Jahanbin Kia, Rahmanian Fereshte, Rahmanian Vahid, Jahromi Abdolreza Sotoodeh
Research Center for social determinants of health, Jahrom University of Medical Sciences, Jahrom, Iran.
Zoonoses Research Center, Jahrom University of Medical Sciences, Jahrom, Iran.
GMS Hyg Infect Control. 2019 Dec 2;14:Doc19. doi: 10.3205/dgkh000334. eCollection 2019.

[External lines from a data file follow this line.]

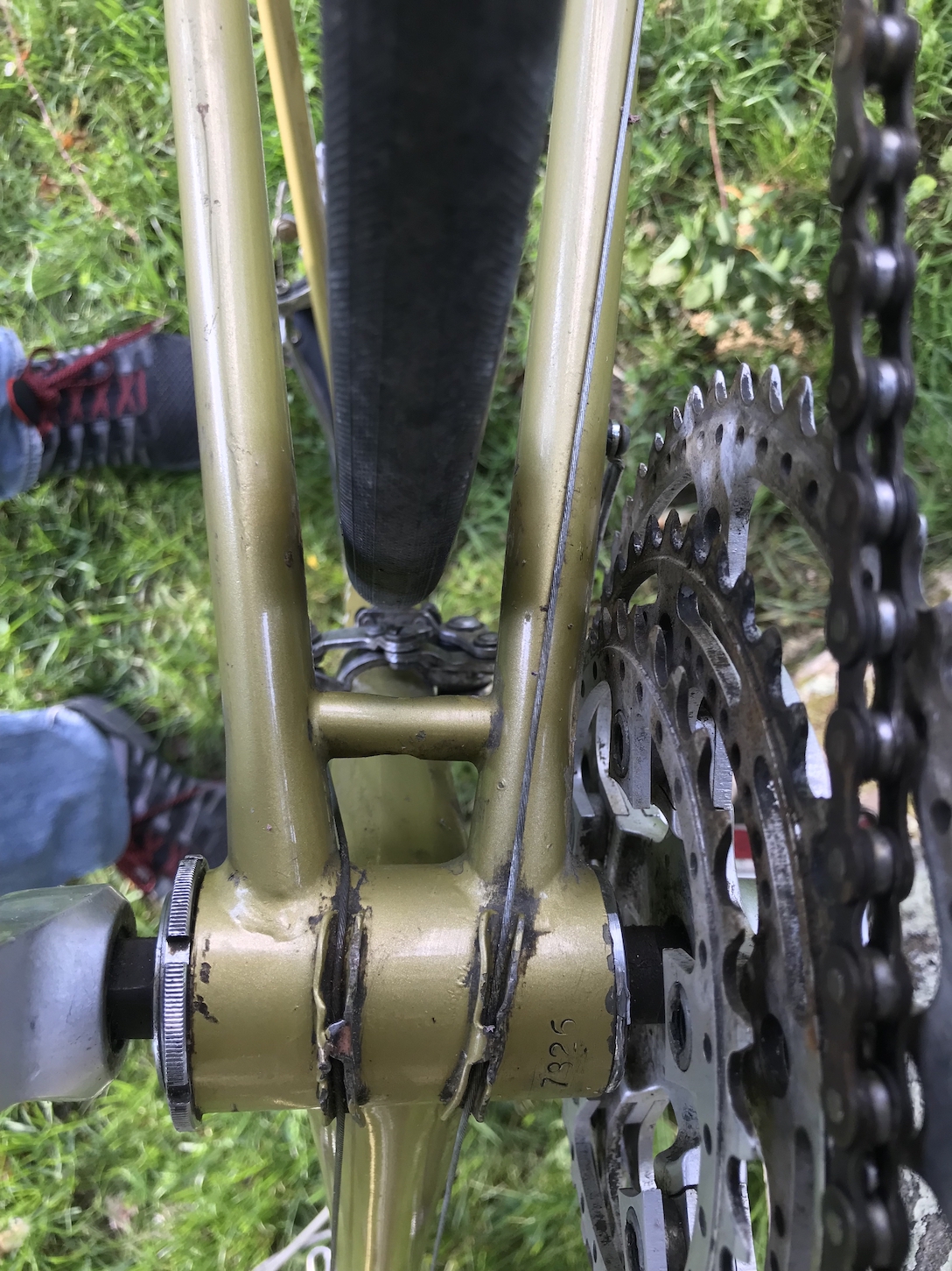 Dernier achat en date au Vélocipédia 2019, un Busset comme je les affectionne, pas bling-bling tout dans le détail, malheureusement une tige de selle mal adaptée a fait un peu de dégât… mais bon je suis pas à mon premier cadre fissuré 😉.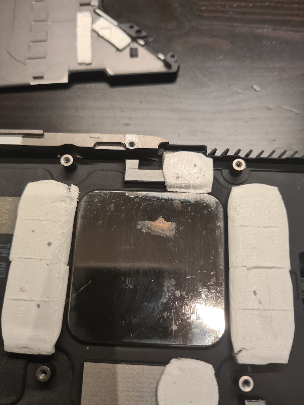 En inspectant le module thermique, j’ai constaté que le coldplate semble abîmé : un point de cuivre est apparent et l’irrégularité se sent au toucher. J’en déduis que le coldplate aurait probablement besoin d’un lappage (mais ce n’est qu’une hypothèse de ma part).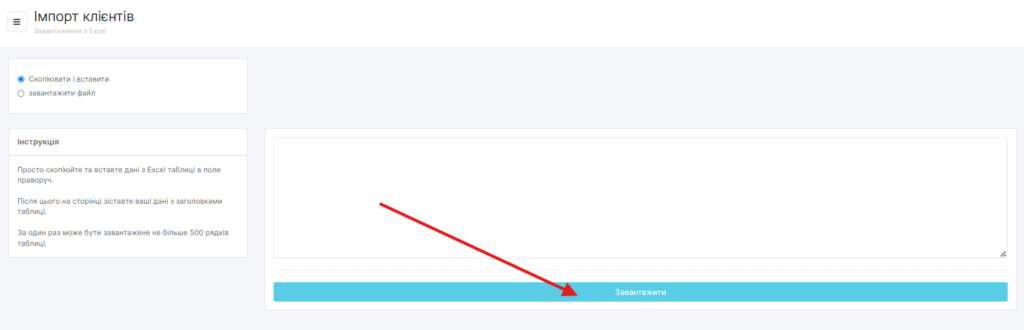Скопіюйте дані з таблиці в поле завантаження та натисніть кнопку «Завантажити».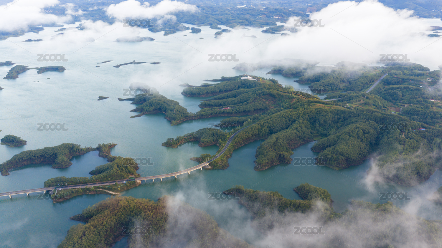 航拍亚洲天池湖北丹江口水库环湖公路美景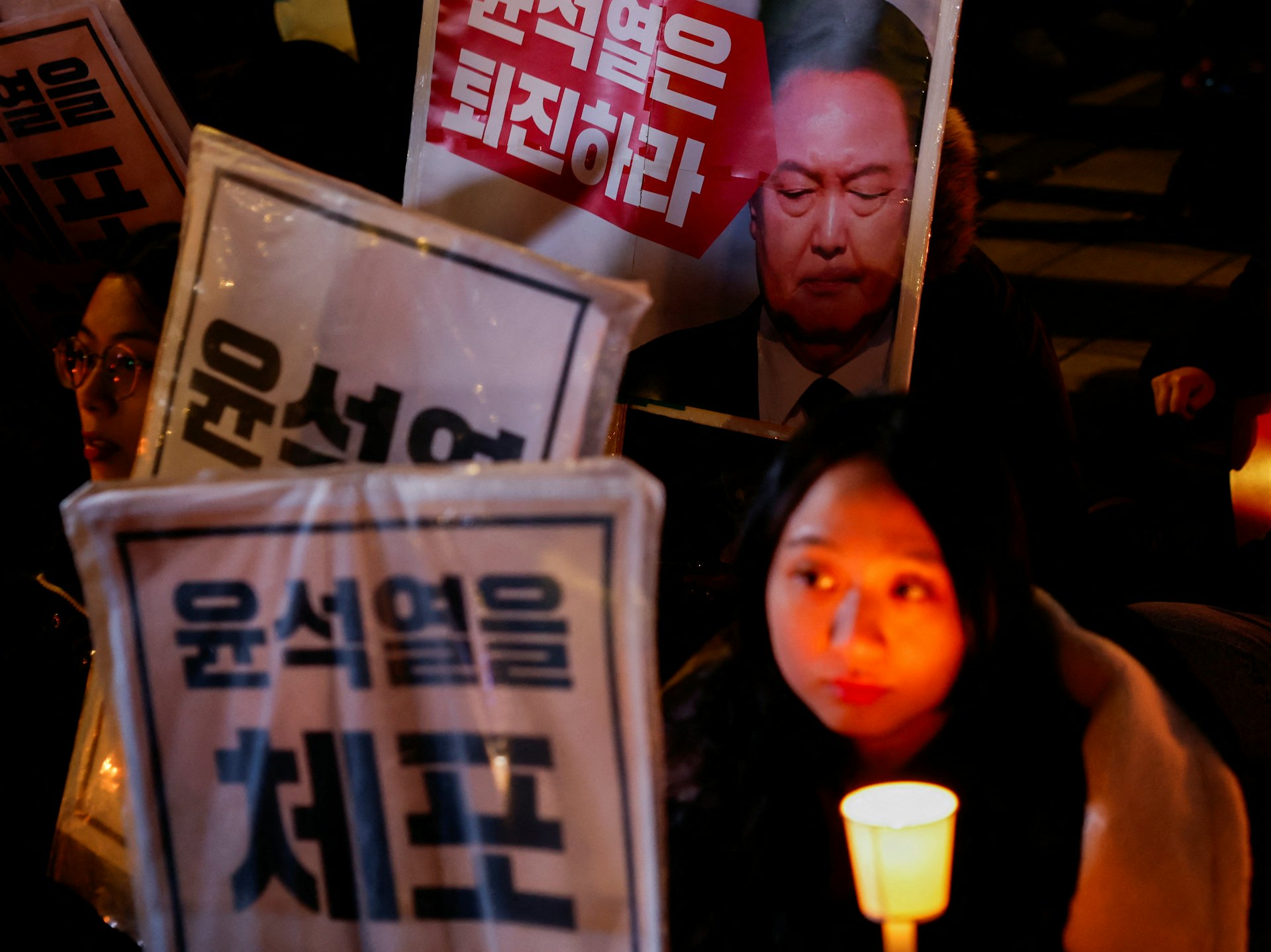 " G9 t9 F/ _8 e& r2024年12月4日,大量韓國民眾在首爾的集會上舉著標語牌,譴責總統尹錫悅3日晚突然頒布戒嚴令(數小時後撤回),並要求他辭職。(Reuters)5.39.217.767 w8 v* I' E( X6 Y' t/ |0 K! [

With the advancements of communication technology and growing access to social networks, these networks now play an important role in the dissemination of information and news without going through the time-consuming channels of official news networks. Analysis of social networking data is a new, interesting branch of text mining science. This study aimed to develop a text mining technique for extracting information about infectious diseases from tweets and news on social media. A method called "Fuzzy Algorithm for Extraction, Monitoring, and Classification of Infectious Diseases" (FAEMC-ID) was developed by the use of fuzzy modeling of the Takagi-Sugeno-Kang type. In addition to the real-time classification, the method is able to update its vocabulary for new keywords and visualize the classified data on the world map to mark the high risk areas. As an example, the monitoring was performed for measles-related news items over a 183-hour period from 01/03/2019 (01:00 am) to 08/03/2019 (12:00 pm), which were related to 2,870 tweets from 2,556 users. This monitoring showed that the number of tweets posted from each region ranged from 1 to 47, with the highest number, 47 tweets, belonging to Canada. The origins of most measles-related news were in the Americas and Europe, and they were mostly from the United States and Canada. The performance analysis of the developed method in comparison with other algorithms in the literature demonstrated the excellent precision of the method with a recall ratio of 88.41% and the high inter-correlation of data in each class. The proposed algorithm can also be used in the development of more effective monitoring and tracking systems for other human and even animal health hazards.
随着通信技术的进步以及社交网络接入的增加,这些网络如今在信息和新闻传播中发挥着重要作用,无需通过官方新闻网络耗时的渠道。社交网络数据分析是文本挖掘科学中一个新的、有趣的分支。本研究旨在开发一种文本挖掘技术,用于从社交媒体上的推文和新闻中提取传染病信息。通过使用高木-菅野-康类型的模糊建模,开发了一种名为“传染病提取、监测和分类模糊算法”(FAEMC-ID)的方法。除了实时分类外,该方法还能够更新其词汇表以包含新关键词,并在世界地图上可视化分类数据以标记高风险区域。例如,在2019年3月1日凌晨1点至2019年3月8日下午12点的183小时内,对与麻疹相关的新闻条目进行了监测,这些新闻与来自2556名用户的2870条推文相关。该监测表明,每个地区发布的推文数量从1条到47条不等,其中数量最多的47条推文来自加拿大。大多数与麻疹相关的新闻起源于美洲和欧洲,主要来自美国和加拿大。与文献中其他算法相比,所开发方法的性能分析表明该方法具有出色的精度,召回率为88.41%,且每个类别中的数据具有高度相关性。所提出的算法还可用于开发针对其他人类甚至动物健康危害的更有效的监测和跟踪系统。